“Why not?”

“There are no boats to carry you.”

“How did you come down?”

“In those boats. [Pointing out two tiny dugouts barely able to carry two men each.] You and one of your friends can go up in them if you like. Two of our men will paddle you.”

Finished Trail built by Ifugaos.

Approximately a thousand miles of such trail have been built in the Mountain Province and Nueva Vizcaya under American rule.

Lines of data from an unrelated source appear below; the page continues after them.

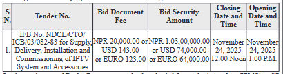 1. Nepal Telecom invites Electronic Bid from reputed and competent Bidders through 'Single Stage Two Envelope' procedure for the following tender.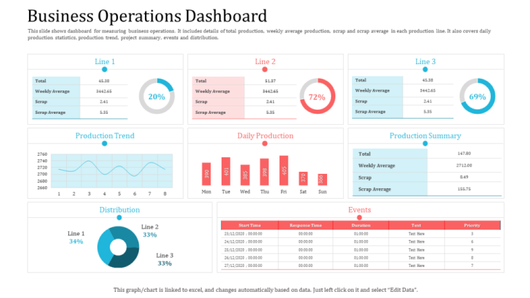 Employee performance metrics, process data, inventory records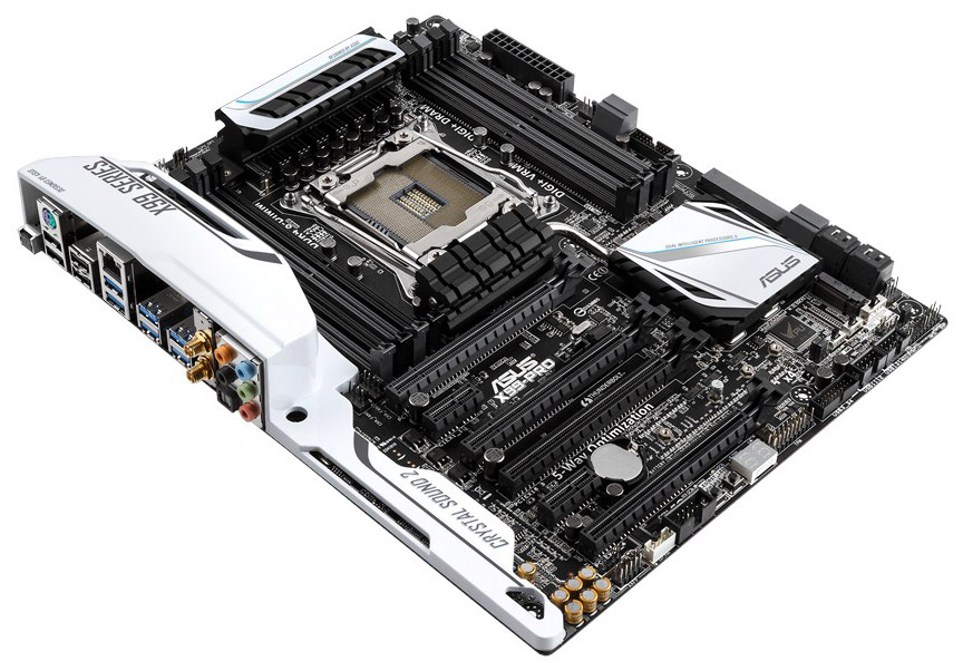 Аналогично «старшему брату» в лице X99-Deluxe, новинка получила весьма элегантные радиаторы и кожух панели I/O, окрашенные в белый цвет, а также нашумевший OC Socket. Помимо типичных для большинства плат LGA2011-3/X99 характеристик, устройство располагает двумя разъемами M.2 (только для PCI-E SSD), поддержкой 3-Way SLI/CrossFireX (x16/x16/x8) и модулей оперативной памяти DDR4-2133/…/3333 (до 64 ГБ). Отдельно стоит отметить звуковую подсистему Crystal Sound 2, основанную на кодеке Realtek ALC1150 и высококачественных японских конденсаторах.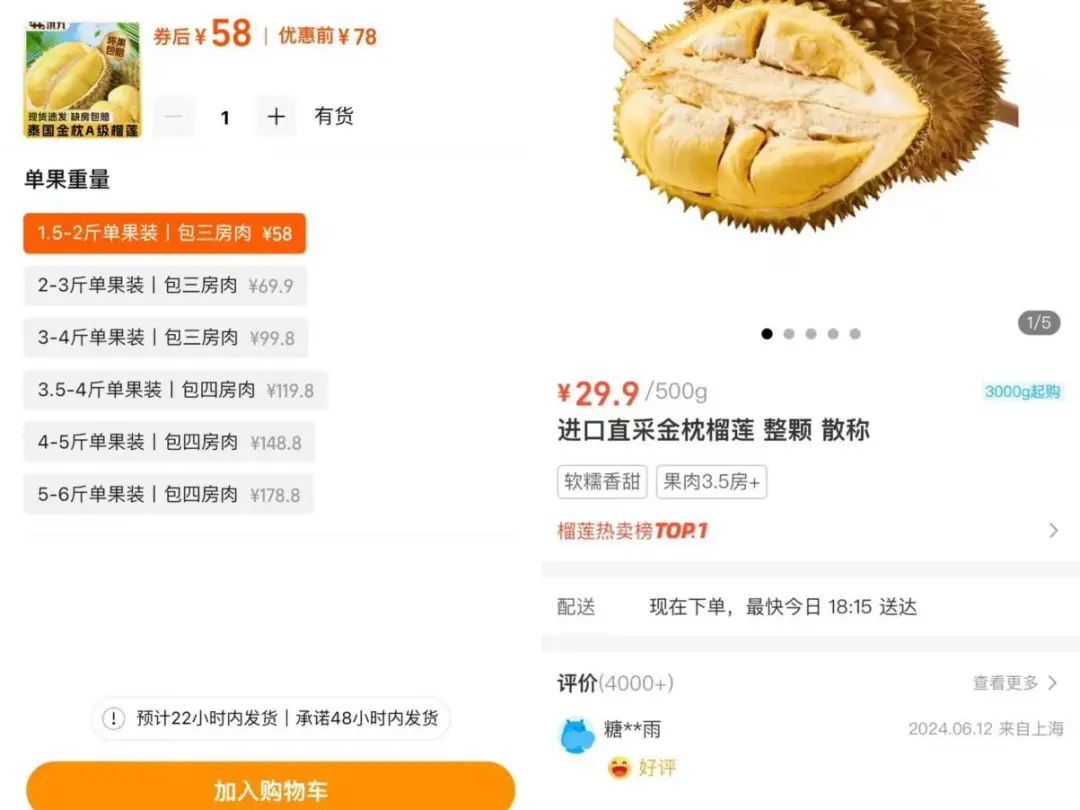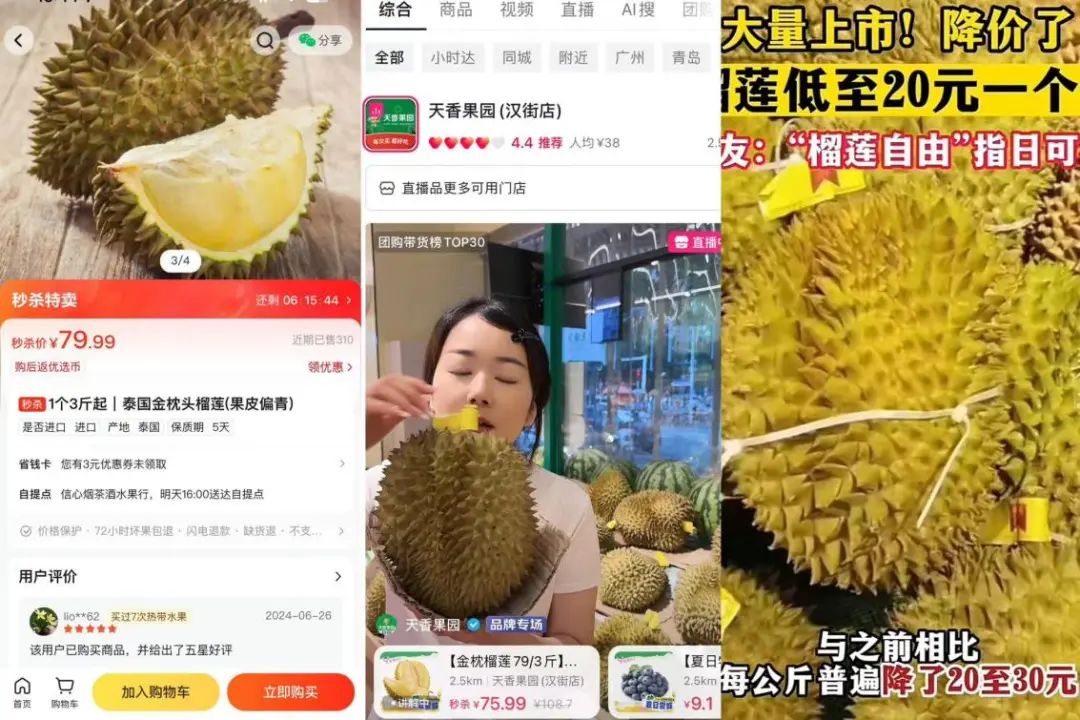 于是,无论是电商团购还是连锁商超,都围绕榴莲这一稀缺且备受欢迎的水果单品,开展了一系列“榴莲价格战”。

This proposition did not seem attractive to me, so I suggested that I would take a little walk up the river. I had been positively assured that there was no other boat in the vicinity, but at the very first turn discovered a suspicious looking trail running up into the bushes and following it found a fully rigged war-canoe over which freshly cut brush had been hastily thrown. I suggested to the Moros that this looked very much like a boat. They replied that it leaked. I asked them to put it into the water, stating that I liked to see boats leak. Not a Moro stirred. We had brought twenty-five soldiers ashore with us, as Tumay’s reputation was by no means of the best, and I now called to some of them to come and put the boat into the river. In passing back of the group of Moros, one of these men stubbed his toe on the shaft of a lance which was hidden in the grass, and fell on his nose. He raised the lance as he recovered his feet, then stooped and picked up a second one, trailed them behind him until he reached a position in front of me and dropped them on the ground. Both had the sheaths removed from their long steel heads. Another soldier kicked around in the grass a bit and produced a serpent kriss which had been drawn from its scabbard. Still another fished up a baróng.[2]

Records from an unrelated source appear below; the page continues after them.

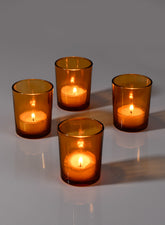 Set the mood at your upcoming special occasion, wedding, dinner party, restaurant, bar, or lounge with these amber votive candle holders. Pair them with our dark amber votive holders to add depth and interest to certain areas at your event. You can also style them with other colors of tea light votives like white and red to create a rustic centerpiece perfect for autumn. You might place them around your biggest flower arrangements for an extra dash of fiery flair, too.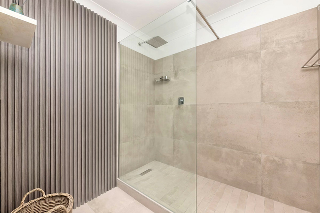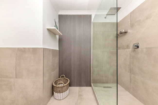 This apartment comfortably accommodates up to four guests with two well-appointed bedrooms and a shared bathroom. The main bedroom is furnished with a queen-size bed, while the second bedroom features twin beds. The bathroom includes a bath, shower, basin, and toilet, and guests are provided with fresh linen and towels.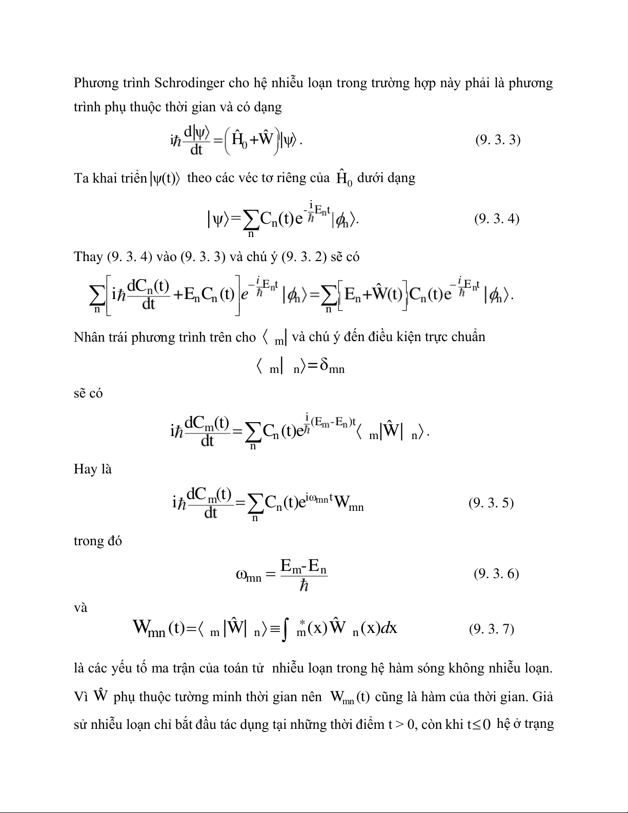 | và chú ý đến điều kiện trực chuẩn m | n =δmn sẽ có i dC (t) (E -E )t ˆ i n C (t)e m|W| n . n Hay là dC (t) i m ω nt i n C (t)e m W n (9. 3. 5) n trong đó Em-En mn ω (9. 3. 6) và * m W n ˆ ˆ (t) m |W| n m(x)W n(x) x d (9. 3. 7)

I asked the ranking Moro present what was the meaning of these weapons, concealed at our very feet. He said that they were afraid that we would steal them and had therefore hidden them. I asked him whether any white man had ever stolen anything from them, and also why they had hidden them there, where we were likely to cut our feet on them, instead of in the forest which was not fifty yards away. Obviously there was no satisfactory answer to these questions and he had no time to attempt any, for one of the soldiers stooped down and pulled out of the grass from beside his very hand a forty-five caliber single-action revolver, cocked and with all six cylinders loaded. Fearing to be taken at a disadvantage, I said to the soldiers, “Make these men sit down, and search the place for arms.”

The soldiers repeatedly ordered the Moros to sit down and the order was translated to them in their own language by my interpreter. Not a man obeyed. On the contrary, one of them turned his back and started off at a quick pace, disregarding repeated orders to halt. Theoretically he should have been shot.